The following is a summary of the most important parameters and how you could tune them to your data.

### `GridDetector`

- `kernel_size`, `cross_width`, `cross_height`: The GridDetector uses a kernel to detect intersections of rules in the image. By default, `cross_height` follows the value of `cross_width`. The kernel looks like this:

  ![kernel diagram](./data/kernel.svg)

  The goal is to make this kernel look like the actual corners in your images after thresholding and dilation. The example script shows the dilated result, which you can use to estimate the `cross_width` and `cross_height` values that fit your image.
  Note that the optimal values will depend on the `morph_size` parameter too.
- `morph_size`: The GridDetector uses a dilation step in order to _connect lines_ in the image that might be broken up after thresholding. With a larger `morph_size`, larger gaps in the lines will be connected, but it will also lead to much thicker lines. As such, this parameter affects the optimal `cross_width` and `cross_height`.
- `region`: This parameter influences the search algorithm. The algorithm starts at an already-detected intersection, and jumps right with a distance that is derived from the annotated header template. At the new location, the algorithm then finds the best corner-match that is within a square of size `region` around that point, and selects that as the detected corner. Visualized:

  ![search algorithm region](./data/search.svg)

  A larger region will be more forgiving for warping or other artefacts, but could lead to false positives too.
- `k`, `w`: These parameters affect the thresholding algorithm that's used in the `GridDetector`. `k` adjusts the threshold. Larger values of `k` correspond with a larger threshold, meaning more pixels will be mapped to zero. You should increase this parameter until most of the noise is gone in your image, without removing too many pixels from the actual lines of the table. `w` is less important, but adjusts the window size of the sauvola thresholding algorithm that is used under the hood.

### `HeaderTemplate`

- `intersection((row, height))`: this method calculates the intersection of a horizontal and vertical line in the annotated header template.

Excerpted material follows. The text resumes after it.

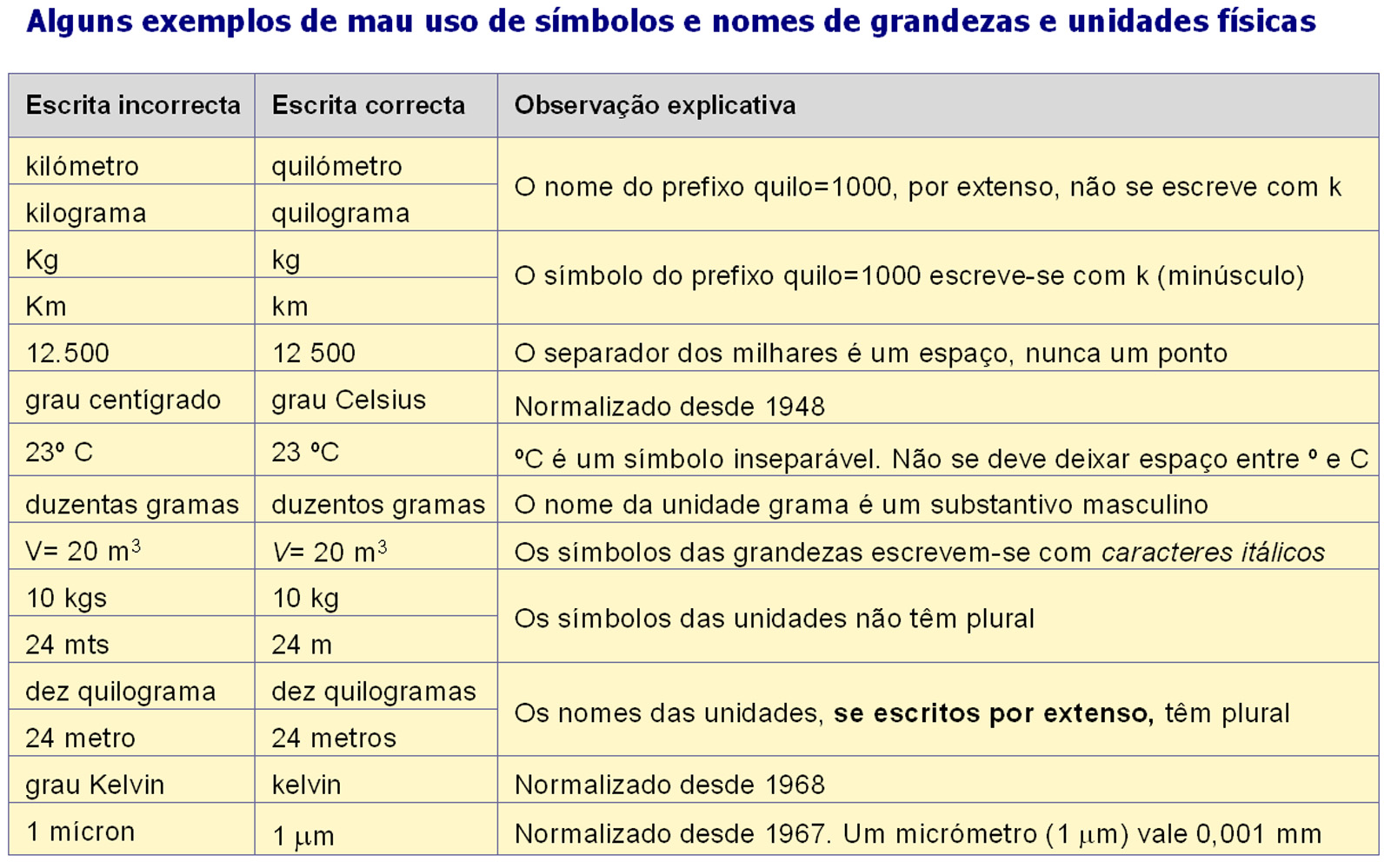 Desde o Decreto-Lei nº 427/83 de 7 de Dezembro, que já tem vários anos, as unidades a utilizar em Portugal deverão ser as do Sistema Internacional de Unidades, abreviadamente representado por SI. E é óbvio que só se deverão utilizar os símbolos correctos. A falta de informação de alguns utilizadores, assim como o tradicional "penso que…" em que se confunde um mero palpite com uma certeza bem documentada, conduzem a incorrecções lamentáveis que urge rectificar. Isto não acontece apenas em domínios especializados: também há inúmeras situações destas na linguagem corrente do dia-a-dia. A tabela anexa mostra vários exemplos.

For example, running `template.intersection((1, 1))` corresponds with this intersection:

  ![intersection diagram](./data/intersect.svg)

  This point can then be transformed to the image using the aligner, and this can serve as the starting point of the search algorithm. Note that in this case, the first column is skipped. This can often be useful since the `GridDetector` kernel looks for crosses, and the left-most intersection often only has a T shape (the left leg of the cross might be missing).
  If that is the case with your data too, it is a good idea to set the starting point to the (1, 1) intersection, and add in the first row later using the `add_left_col(width)` function. When doing this, you also need to set the parameter of the `cell_widths` function to `1`. See [this example](./examples/example.py).
- `cell_height(fraction: float)`: this method defines a single cell height for all of the rows. The fraction is multiplied with the height of the annotated header template to get the cell height relative to it.